2026-02-21
Three events in no particular order.
Event 1: On November 8, 2025, Cloudflare went down, taking with itself dozens of other services that have it as a dependency. I could live without it; being offline does not mean I cannot continue my work—or so I thought. It was that day I learned that Postman needs me to be connected to the internet, something I never thought was necessary for just sending HTTP requests to my local backend application. So, after going online, I downloaded Bruno and bid Postman goodbye. It has been a very simple and straightforward solution. I just run Git as my backup for my collections.
Event 2: My experience with Linux dates back to when I started programming. But it has never been a daily driver for me. I could be just as productive and useful on Windows. I used to tell everyone that my number one and number two most favorite applications are Notepad and Paint, and rightfully so. These tools were so simple and one-dimensional in what they did, you could always expect how it would behave or how you should interact with it. I would have any and every type of draft written in Notepad. My to-do lists, meeting notes, snippets, everything. Some time 4 months back, I was prompted with a modal to use Copilot in Notepad. Now, I work professionally in the field of AI and LLMs. But it still felt very much forced. There was not any substantial need for Copilot into something that is essentially a place to just store your ramblings on a keyboard—even if it's some nonsense. Keep in mind that the copilot button was there for a long time before that—4 months. But it was not being tried to be shoved down my throat, so I did not bother. But for the past year or so, it has been feeling like Microsoft (and every other company that has any sort of visible footprint on the internet) is trying to feed me some AI bullshit.
Event 3: I used to do all my LaTeX editing on my laptop, locally. It works flawlessly. However, eventually, there came the need to collaborate with other people, and not every researcher or author is expected to manage Git repositories for academic publication (even if I think that they should be). So, like a million other people, I also had to log on to Overleaf. Don't get me wrong.
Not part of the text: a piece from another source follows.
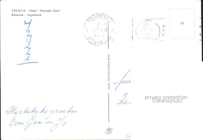 old postcard Jugoslawien Yugoslavie Trenta Hotel Planinski Orel postalisch gelaufen

It is a great tool. And for 80% of the time, it will work great. But a week before my undergraduate project report submission, I found that my overleaf project was not compiling at all. Overleaf hit me with a Time Limit Exceeded error because my project was too big. I had to get Overleaf Standard. I never ran through the whole duration of the subscription. But it is worth noting that the cost of that plan is $250/year. For something that just compiles your .tex files.
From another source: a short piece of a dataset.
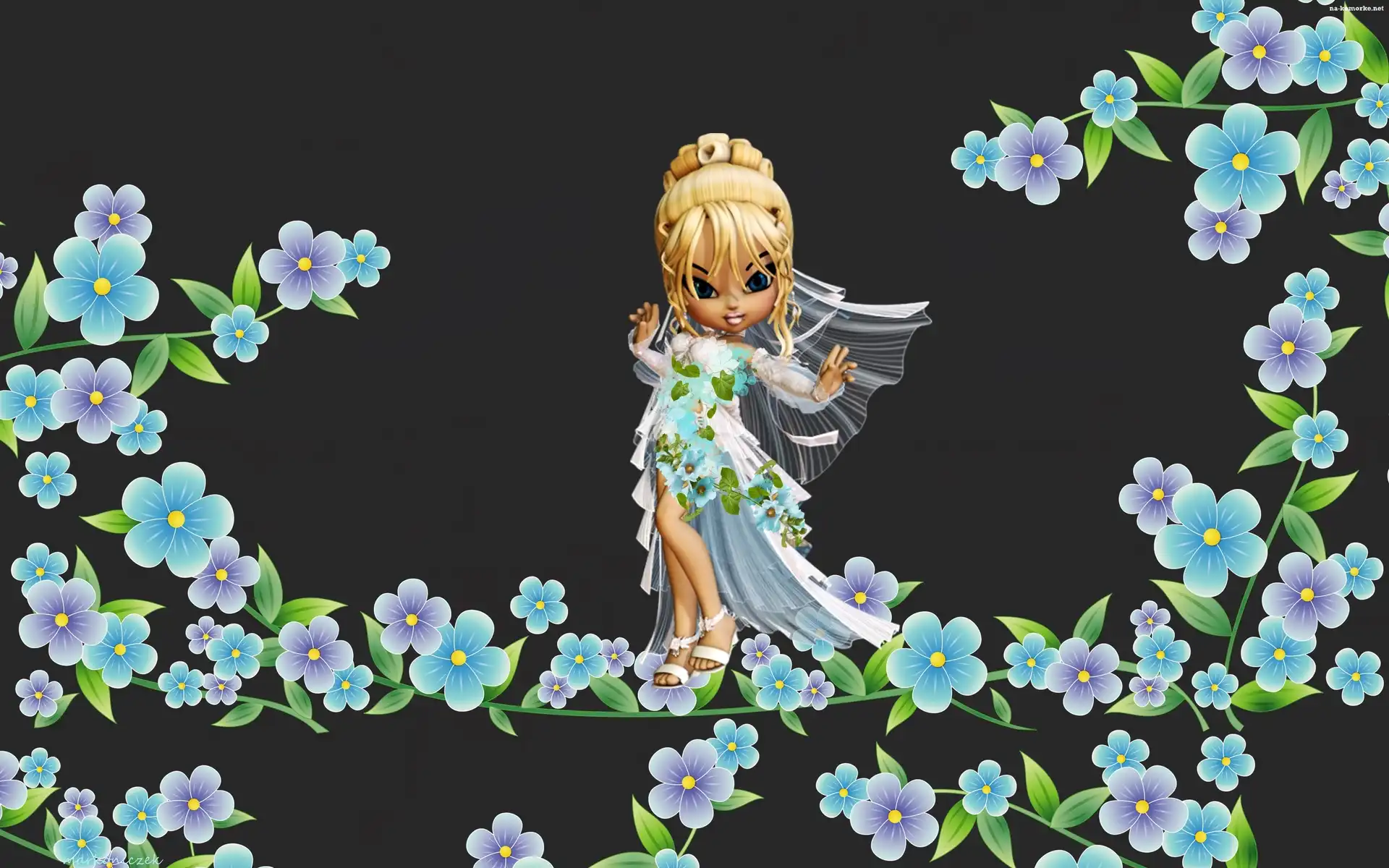 Grafika, Laleczka, Kwiaty na Komórkę

What I wanted to convey with all this is that, lately, it has been feeling like the control of our products has been slipping away from our hands all too quickly. The cost of comfort over control keeps rising, and we have to pretend that it's okay. I am no stranger to the Free Software Movement. I have been on the internet long enough. But I have never felt the urgency to take it more to heart than now. So, three months back, I switched completely to Linux for all of my devices. Then I repaired the old desktop I had at home, put a fresh install of Linux on it too, put it on all my spare hard drives, and started putting everything in it.
First, a lot of media. Pictures, movies, TV shows, books, music—everything. We had a nationwide internet blackout in July of 2024. I don't want to sound like a doomer and paranoid, but that has taken off my faith in the belief that the internet will always be there. It will not. So, anything I own had to be archived locally. Google Photos is not simply reliable anymore, and I feel much better about my privacy.
Then, Overleaf. Yes. The good folks have a community edition that you can self-host. You can collaborate without any limitations and no compilation timeouts. I didn't need anything else, and I didn't need to convince others to have TeX Live on their own systems and regularly commit to their repositories.
And then, things that are of lesser importance, and I can live without if the services go down, are Jellyfin, Gitea, n8n, Stirling, Omnitools, and Readeck (Long live Pocket).
Finally, seeding Linux ISOs. A lot of them. I have always been vocal about the necessity of archives and the right to them. I cannot host and seed all the Linux ISOs in the world. But I can definitely chip in. I have a dedicated drive that seeds data from a very popular shadow provider of Linux ISOs.